(Source records)
# # # # # # #

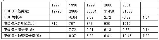 盡管電信運(yùn)營業(yè)存在投資過度,并導(dǎo)致巨額虧損,但是過去幾年世界電信收入的增長率高于GDP,平均為7.8 3%,顯示出電信運(yùn)營業(yè)仍呈現(xiàn)出強(qiáng)勢發(fā)展特征。表中的數(shù)據(jù)表明:電信業(yè)仍是經(jīng)濟(jì)中最具增長力量的部分。
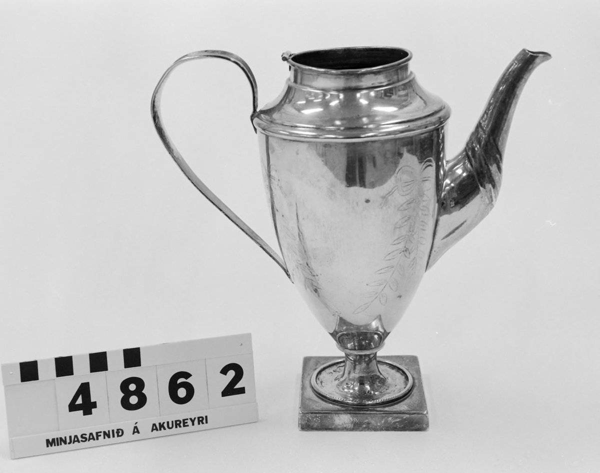 stendur á ferköntuðum fæti. Krotað laufamustur prýðir könnuna á báðum
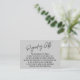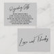 Ces inserts de carte simples et distinctifs ont été conçus pour correspondre à d'autres éléments dans une suite événementielle en pleine croissance qui comprend une police d'écriture décontractée moderne sur un arrière - plan simple que vous pouvez changer à n'importe quelle couleur que vous voulez. Sur le côté avant vous lisez "Concernant les cadeaux" dans le type présenté; sur le dos, j'ai placé une correspondance "Amour et Merci". Le type modifiable est rendu dans une police serif entièrement casquette. Mon message porte-parole dit : "La chose la plus importante est de vous avoir avec nous lors de notre journée spéciale. Aucun cadeau n'est nécessaire ou attendu, mais on nous a demandé ce dont nous avions besoin ou ce que nous voulions. Si vous voulez nous donner quelque chose, un peu d'argent à dépenser pour notre lune de miel serait très apprécié." N'hésitez pas à utiliser les champs du modèle et à modifier cette copie avec votre propre message personnel pour faire de ces cartes votre propre carte. // 151 //
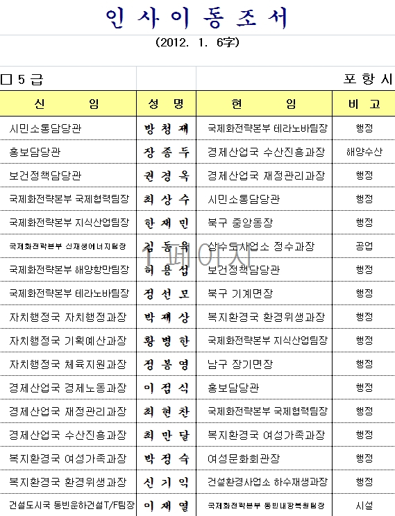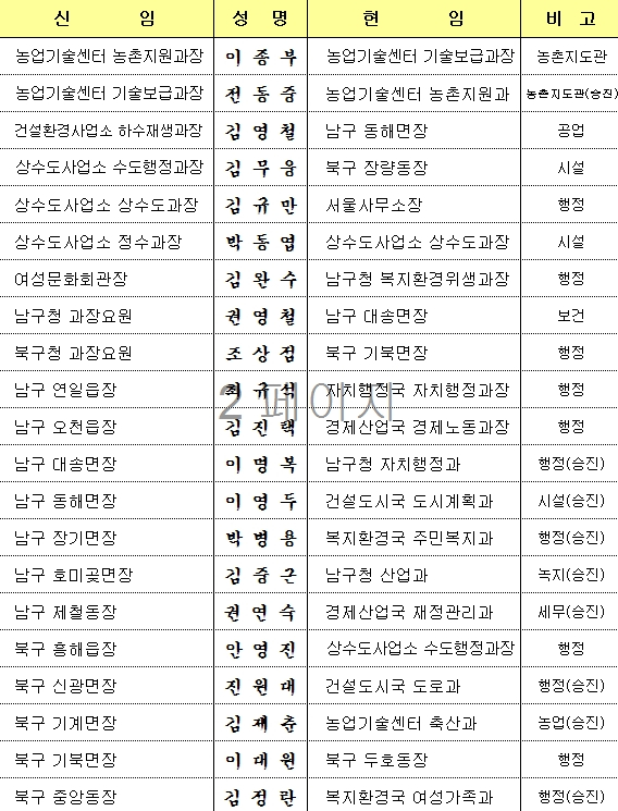 - 5급 승진 10명 포함 시민소통담당관에 방청제 등 40명 전보인사
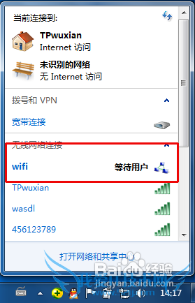 8.设置好后电脑连接网络的地方就有你设的无线WIFI了。如图所示:
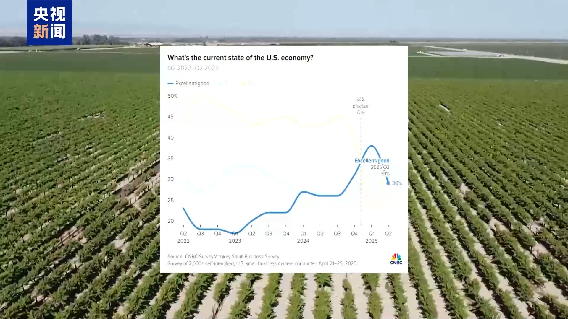 美國消費者新聞與商業(yè)頻道發(fā)布的針對美國小企業(yè)的調(diào)查顯示,僅有30%的小企業(yè)主認為當(dāng)前經(jīng)濟狀況優(yōu)秀或良好,70%的小企業(yè)主認為當(dāng)前的經(jīng)濟狀況一般或者差勁。70%的小企業(yè)主認為美國正在走向經(jīng)濟衰退。
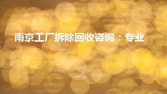 南京工厂拆除回收咨询:专业指南助您处置资产

# # # # # # #

### PROBLEM DESCRIPTION
Leave out the pictures and retype every line above exactly.

### FINISHED EXERCISE
 盡管電信運(yùn)營業(yè)存在投資過度,并導(dǎo)致巨額虧損,但是過去幾年世界電信收入的增長率高于GDP,平均為7.8 3%,顯示出電信運(yùn)營業(yè)仍呈現(xiàn)出強(qiáng)勢發(fā)展特征。表中的數(shù)據(jù)表明:電信業(yè)仍是經(jīng)濟(jì)中最具增長力量的部分。
 stendur á ferköntuðum fæti. Krotað laufamustur prýðir könnuna á báðum
 Ces inserts de carte simples et distinctifs ont été conçus pour correspondre à d'autres éléments dans une suite événementielle en pleine croissance qui comprend une police d'écriture décontractée moderne sur un arrière - plan simple que vous pouvez changer à n'importe quelle couleur que vous voulez. Sur le côté avant vous lisez "Concernant les cadeaux" dans le type présenté; sur le dos, j'ai placé une correspondance "Amour et Merci". Le type modifiable est rendu dans une police serif entièrement casquette. Mon message porte-parole dit : "La chose la plus importante est de vous avoir avec nous lors de notre journée spéciale. Aucun cadeau n'est nécessaire ou attendu, mais on nous a demandé ce dont nous avions besoin ou ce que nous voulions. Si vous voulez nous donner quelque chose, un peu d'argent à dépenser pour notre lune de miel serait très apprécié." N'hésitez pas à utiliser les champs du modèle et à modifier cette copie avec votre propre message personnel pour faire de ces cartes votre propre carte. // 151 //
 - 5급 승진 10명 포함 시민소통담당관에 방청제 등 40명 전보인사
 8.设置好后电脑连接网络的地方就有你设的无线WIFI了。如图所示:
 美國消費者新聞與商業(yè)頻道發(fā)布的針對美國小企業(yè)的調(diào)查顯示,僅有30%的小企業(yè)主認為當(dāng)前經(jīng)濟狀況優(yōu)秀或良好,70%的小企業(yè)主認為當(dāng)前的經(jīng)濟狀況一般或者差勁。70%的小企業(yè)主認為美國正在走向經(jīng)濟衰退。
 南京工厂拆除回收咨询:专业指南助您处置资产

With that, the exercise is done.